Как величествен Государь в его стремлении к правде, как глубока и искренна его царская ласка, когда он желал загладить свой невольную вину. Как-то раз он резко обошелся с генералом, который оказался правым в своих действиях. Узнав правду, Государь созвал войсковых начальников и сказал: «Я пригласил вас, господа, чтобы вы были свидетелями моего суда над самим собой». И, обратясь к обиженному генералу, прибавил: «Я погорячился вчера и оскорбил тебя; прошу, извини меня. Я много работал над собой и много успел изменить в себе, но все же иногда не могу удержать своих порывов. Ну, прости же, брат, не гневайся». Это факт не единственный; и много ли найдется в нашей среде лиц, способных на подобное покаяние? «Какое сердце не дрожит», читая о подобных задушевных порывах Монарха великой Империи.

Придя однажды в студию Брюллова, Государь узнал, что художник, запершись работает.
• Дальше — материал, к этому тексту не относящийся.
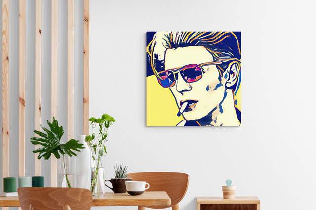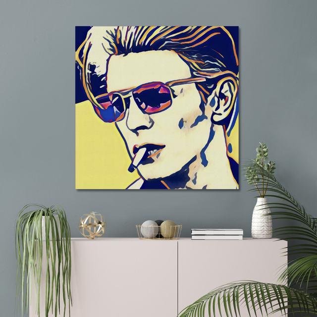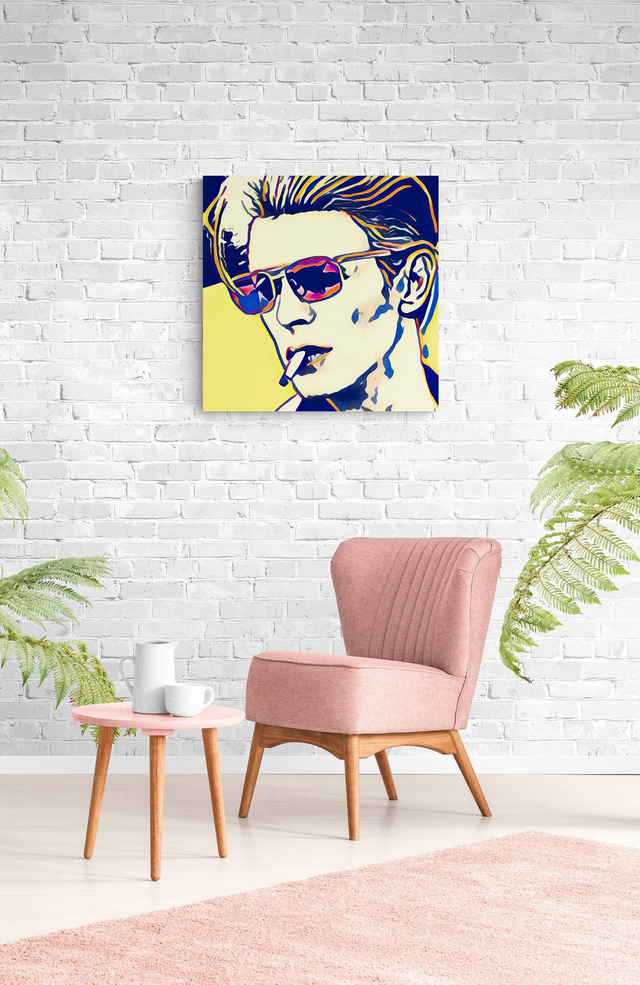 Warhol inspired digital artwork of David Bowie now available as a stretched canvas, ready to hang and available in six sizes.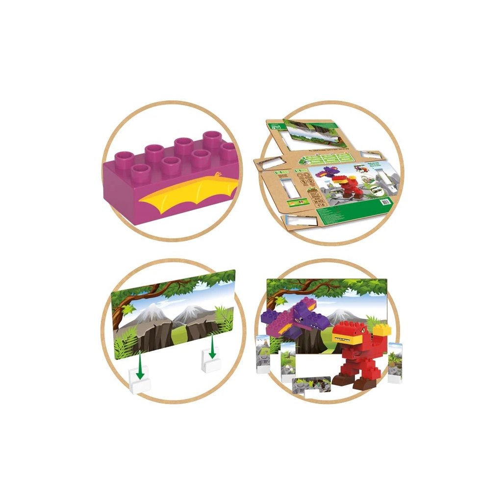 Stoprocentně recyklovatelný obal. Hračky lze kombinovat s kostkami jiných známých značek. Zkombinujte tuto sadu s jinou fantasticky zábavnou sadou, například se stegosaurem, triceratopsem nebo brontosaurem, a zažijte ta nejbláznivější dobrodružství. Zvyšte radost, úroveň dovedností a sebevědomí batolete.

Его Величество не велел его тревожить и скромно прибавил: «Я зайду в другой раз». — Возможно ли проявить более уважения и деликатности к личности и художнику?
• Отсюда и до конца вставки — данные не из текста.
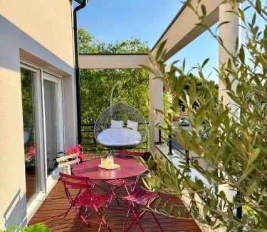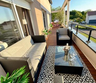 Villa Metz / Amnéville 200m2 is located in Vigy, just 11 miles from Centre Pompidou-Metz and 11 miles from Metz Train Station. This property offers access to a patio, free private parking, and free Wifi. Outdoor seating is also available at the villa. Providing access to a balcony with city views, the spacious villa consists of 5 bedrooms. Featuring a terrace with garden views, this villa also comes with a satellite flat-screen TV, a well-equipped kitchen with a dishwasher, an oven, and a microwave, as well as 2 bathrooms with a walk-in shower and a hair dryer. For added privacy, the accommodation has a private entrance and soundproofing. Guests at Villa Metz / Amnéville 200m2 can enjoy hiking nearby, or make the most of the garden. Parc des Expositions de Metz is 13 miles from the accommodation, while Thionville Train Station is 18 miles from the property. Metz-Nancy-Lorraine Airport is 20 miles away.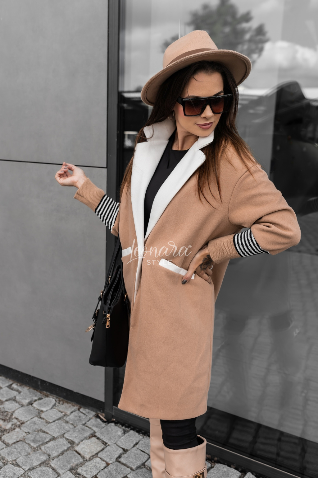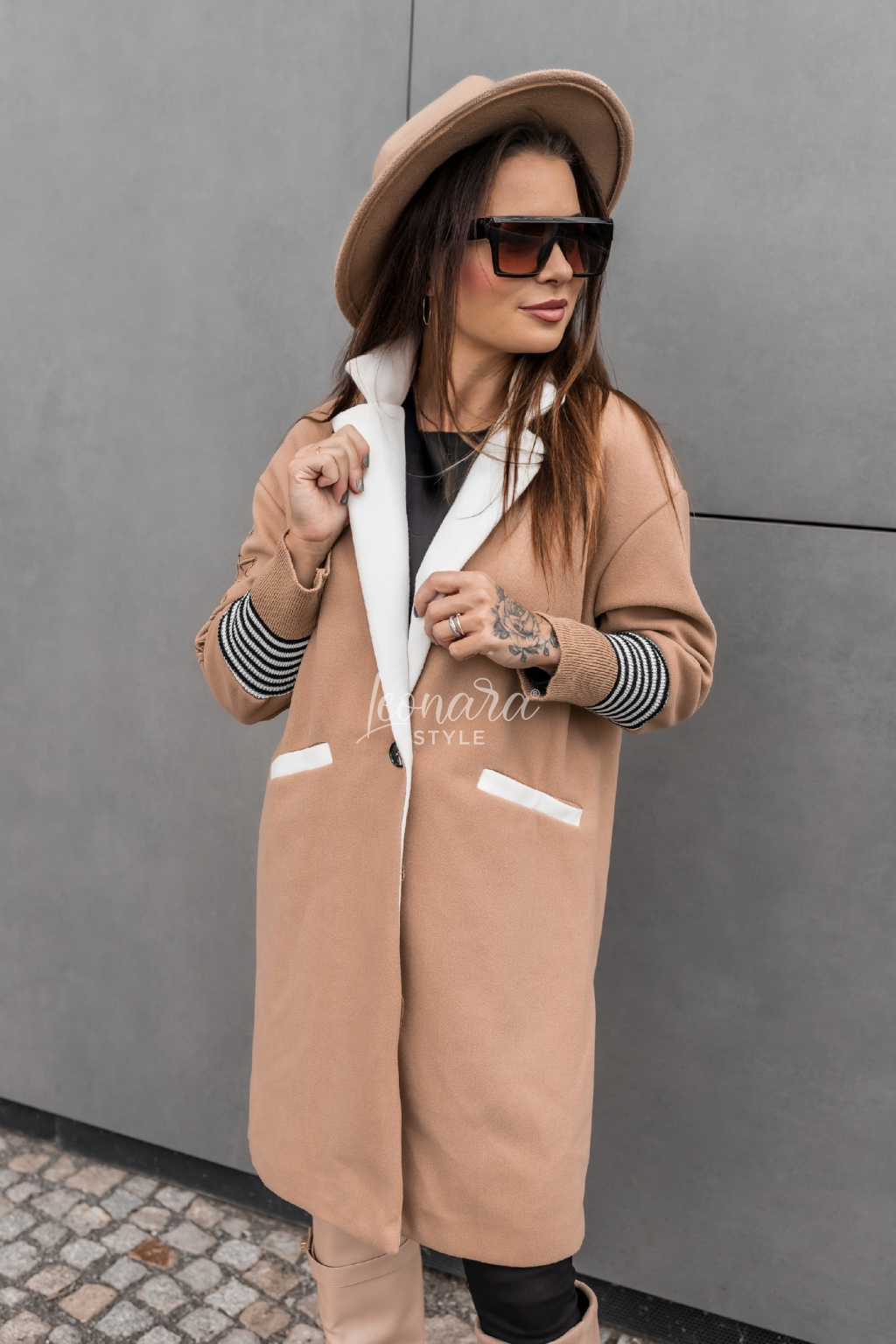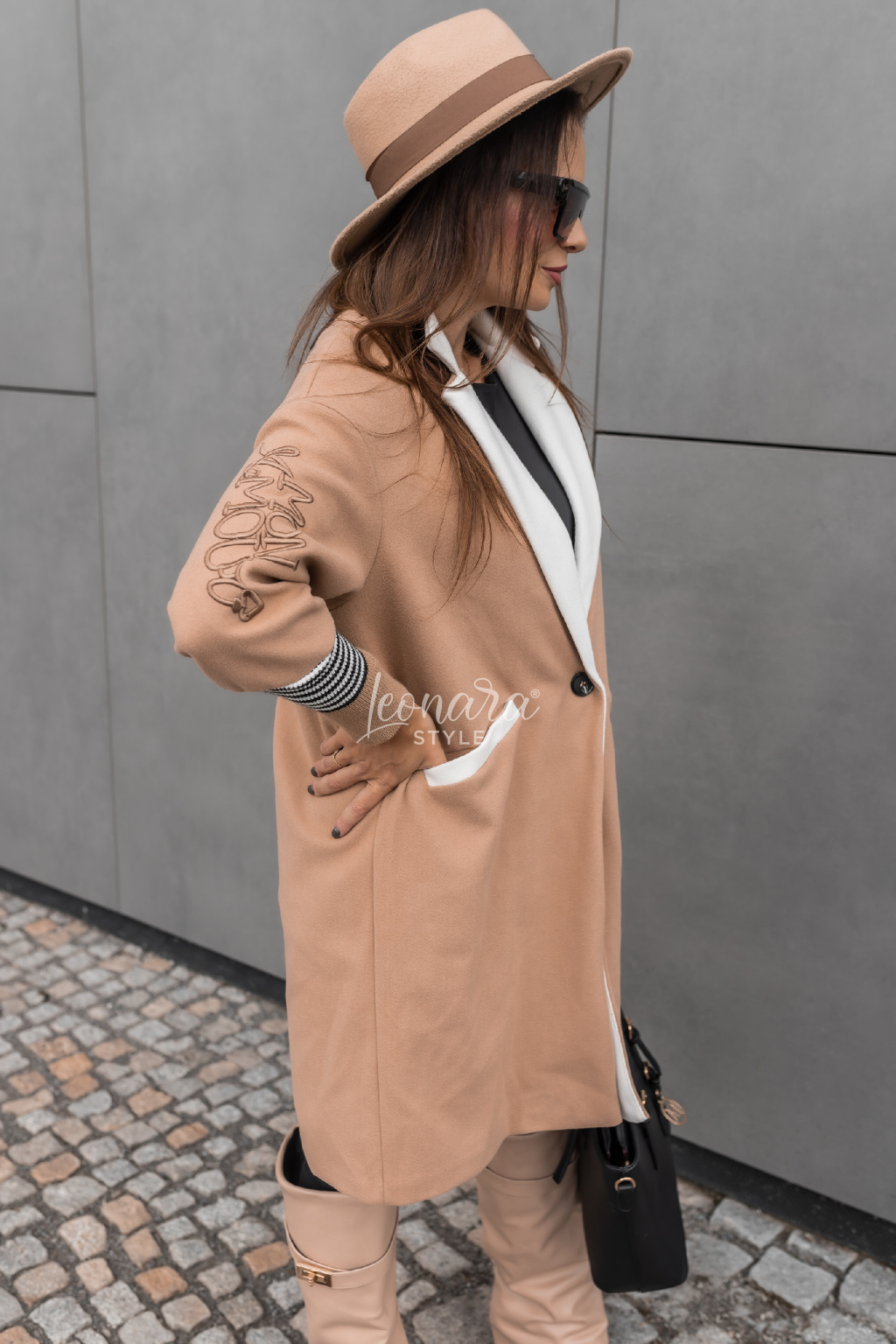 Představujeme vám stylový oversized kabát v hnědé barvě, který se stane nepostradatelným kouskem vašeho šatníku. Tento módní kousek vyniká elegantními bílými klopami a čistým designem s jednořadým zapínáním na jeden knoflík. Pro maximální pohodlí jsou rukávy zakončeny pruhovanými elastickými manžetami a na bocích najdete praktické kapsy s bílým lemováním. Módní vzhled podtrhuje dekorativní nápis na rukávu. Díky volnému oversized střihu a délce nad kolena je kabát ideální pro každodenní nošení i speciální příležitosti. Snadno jej zkombinujete s džíny, šaty i elegantními kousky.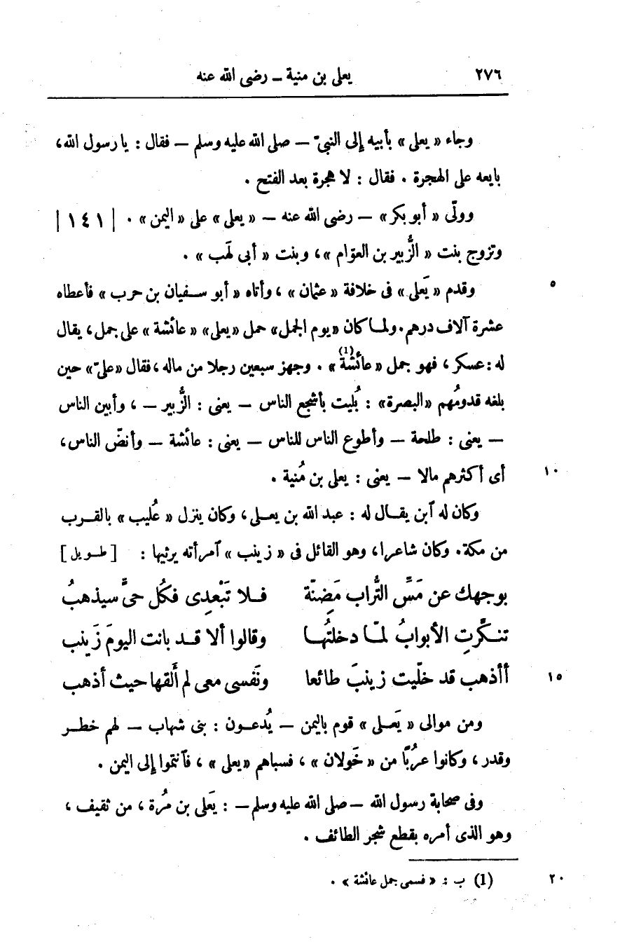 وقدم «يعلى» في خلافة «عثمان» ، وأتاه «أبو سفيان بن حرب» فأعطاه عشرة آلاف درهم. ولما كان «يوم الجمل» حمل «يعلى» «عائشة» على جمل، يقال له: عسكر، فهو جمل «عائشة» [1] . وجهز سبعين رجلا من ماله، فقال «عليّ» حين بلغه قدومهم «البصرة» : بليت بأشجع الناس- يعنى: الزّبير-، وأبين الناس- يعنى: طلحة- وأطوع الناس للناس- يعنى: عائشة- وأنضّ الناس، أي أكثرهم مالا- يعنى: يعلى بن منية.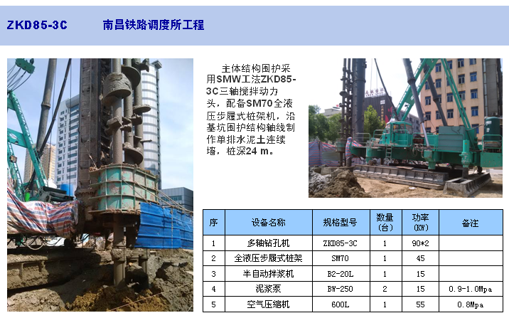 ZKD85-3C三軸鉆孔機(jī)是使用SMW工法加固軟土地基的施工設(shè)備,適合在城市高層建筑、地鐵車(chē)站和地下室的擋土、防滲連續(xù)墻施工以及在江河堤壩、水利工程施工中進(jìn)行防滲及軟土地基加固等。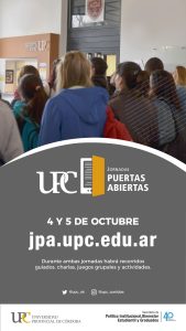 Las Jornadas de Puertas Abiertas (JPA) son un espacio para que tengas tu primer contacto con nuestra casa de estudios, conozcas un poco más sobre la vida universitaria a través de la voz de sus protagonistas. Vas a conocer las carreras que se brindan en cada una de nuestras cuatro Facultades, de qué se tratan, así como su perfil y salida profesional/laboral tienen, el tipo de actividades que involucran, entre muchos otros aspectos.

Кабинет Государя, — по определению барона М. Корфа, — был мастерской вечного работника на троне. Но Государю недоставало главного, — писал А. В. Никитенко, — а именно людей, которые могли бы быть ему настоящими помощниками. «У нас есть придворные, но нет министров; есть люди деловые, но нет людей с умом самостоятельным и душой возвышенной». Величайшая неудача для властей — не иметь около себя просвещенных и честных сотрудников. При их отсутствии на все дела царствования неизбежно ложится печать неудачи и лучшие намерения Монарха извращаются. Голос правды редко и случайно доходил до него. Даже столь приближенный сановник, как кн. А. С. Меншиков руководился личным эгоизмом и не раскрывал истицы перед Царем. Напротив, когда Государь имел в виду произвести импровизированный смотр подчиненной князю части, его курьер мчался грозным вестником, предупреждая соответствующих начальников.

«И ты, — писал В. А. Жуковскому Тургенев, — имеющий доступ, ты не берешь на себя быть указателем подобных нелепостей и, опершись на право рассудка и истины, требовать более уважения к человеческому достоинству». А между тем Государь жаждал узнать правду. Собственноручный рескрипт 7 декабря 1831 г. на имя графа В. П. Кочубея заключает в себе замечательные слова: «Всякое мнение, всякое замечание, клонящееся к охранению справедливости или к пользе общей, Я принимаю с живейшим удовольствием, как несомненный, лучший знак верноподданнического ко мне и престолу Моему усердия. «Я люблю откровенность, — говорил и повторял Государь, — и сам готов за правду умереть». В заседании, в котором участвовал гр. Канкрин, Государь заявил: «Прошу сказать ваше мнение откровенно, нисколько не щадя авторского моего самолюбия». Тем не менее, министр финансов в конце изложения своего мнения прибавил: «Впрочем, как Вашему Величеству угодно». — «Здесь не в угодности дело — возразил Государь; — знаю, что если Я велю, то вы должны исполнить, а теперь вы собраны, чтобы рассуждать и просветить меня».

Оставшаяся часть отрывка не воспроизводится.